Richardson objects specifically to the ALJ's findings regarding his failure to use medication, his infrequent medical treatment, and his daily activities. These circumstances are properly considered in making a credibility determination. Fair v. Bowen, 885 F.2d 597, 604 (9th Cir. 1989).
Richardson contends that the ALJ's finding that he retained the residual functional capacity to perform light work is not based on substantial evidence. The judge found that considering Richardson's residual functional capacity, his skills could be used to meet the requirement of skilled work activities of other jobs. See 20 C.F.R. § 404.1568. Substantial evidence supports the judge's conclusion that Richardson retained the residual functional capacity to perform light work existing in the national economy.

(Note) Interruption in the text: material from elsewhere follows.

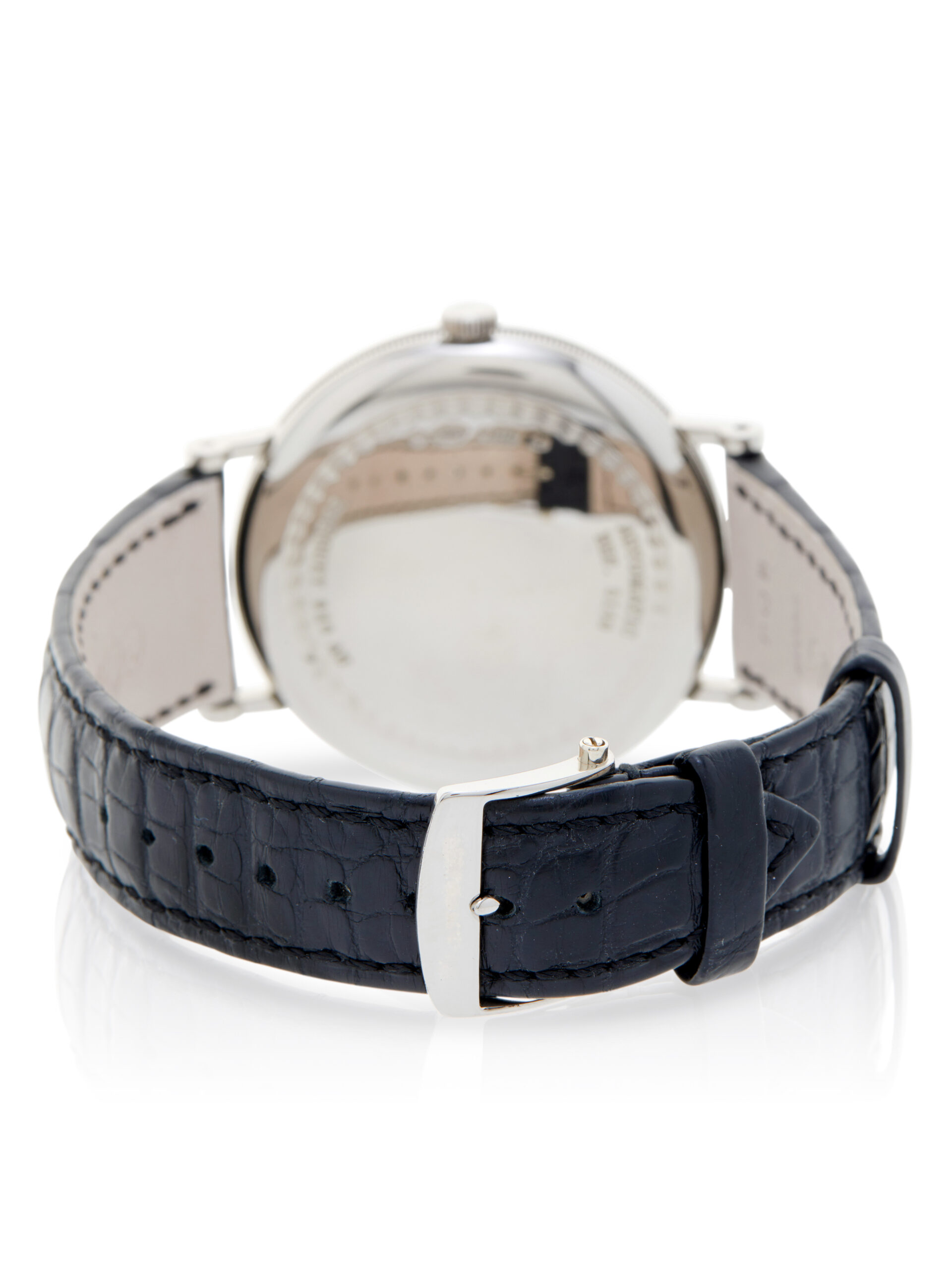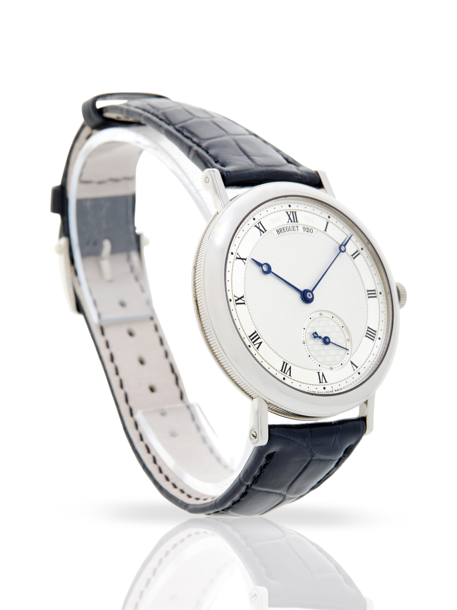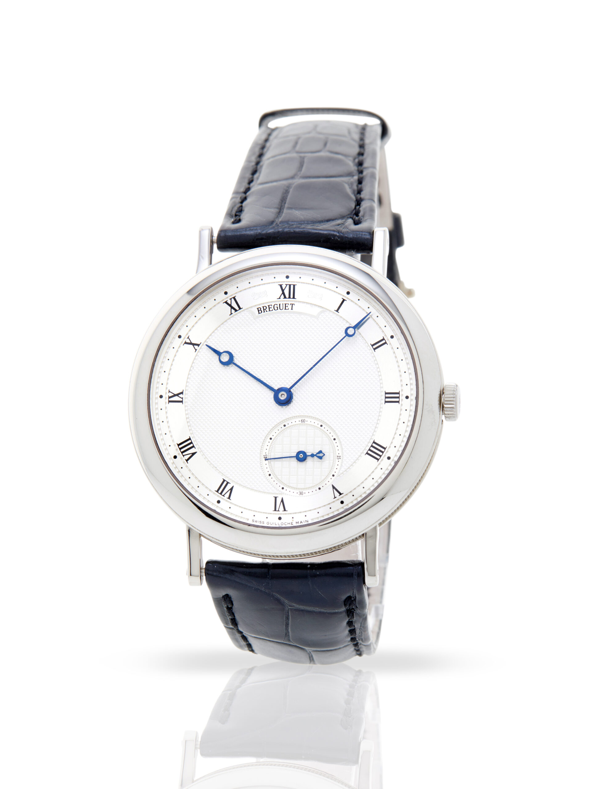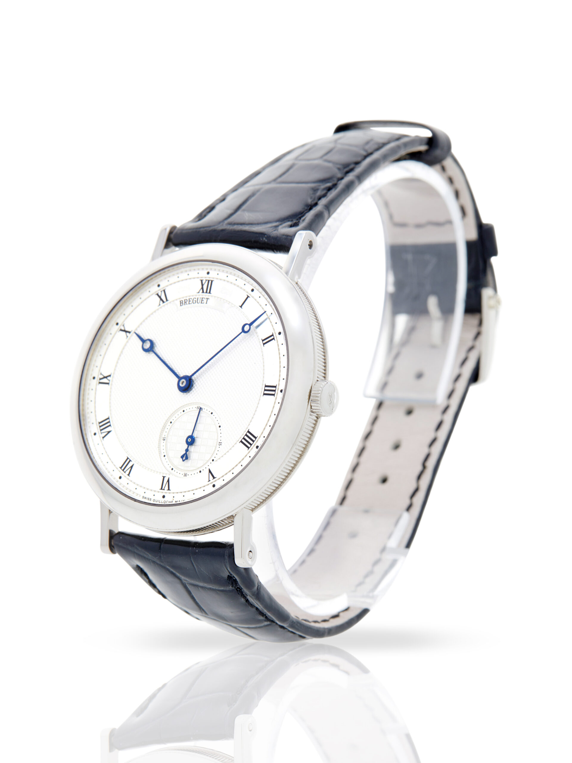 Presented in excellent condition is this elegant example of a Breguet Classique 5140BB/12/9W6. The watch features a 40mm 18K white gold, silver dial with small seconds, black Arabic numerals, smooth 18K white gold bezel and is coupled to an alligator strap with an 18K white gold pin buckle. Having been professionally tested for condition and accuracy, it’s deemed to be running very well and is showing only limited signs of wear.

Richardson appeared pro se at his hearing and argues that he was denied a full, fair and adequate hearing. This court has held that the "lack of counsel does not affect the validity of the hearing unless the plaintiff can demonstrate prejudice or unfairness in the administrative proceedings." Key v. Heckler, 754 F.2d 1545, 1551 (9th Cir. 1985). The ALJ advised Richardson of his right to counsel and conducted a full inquiry into his condition. Richardson had a full and fair hearing.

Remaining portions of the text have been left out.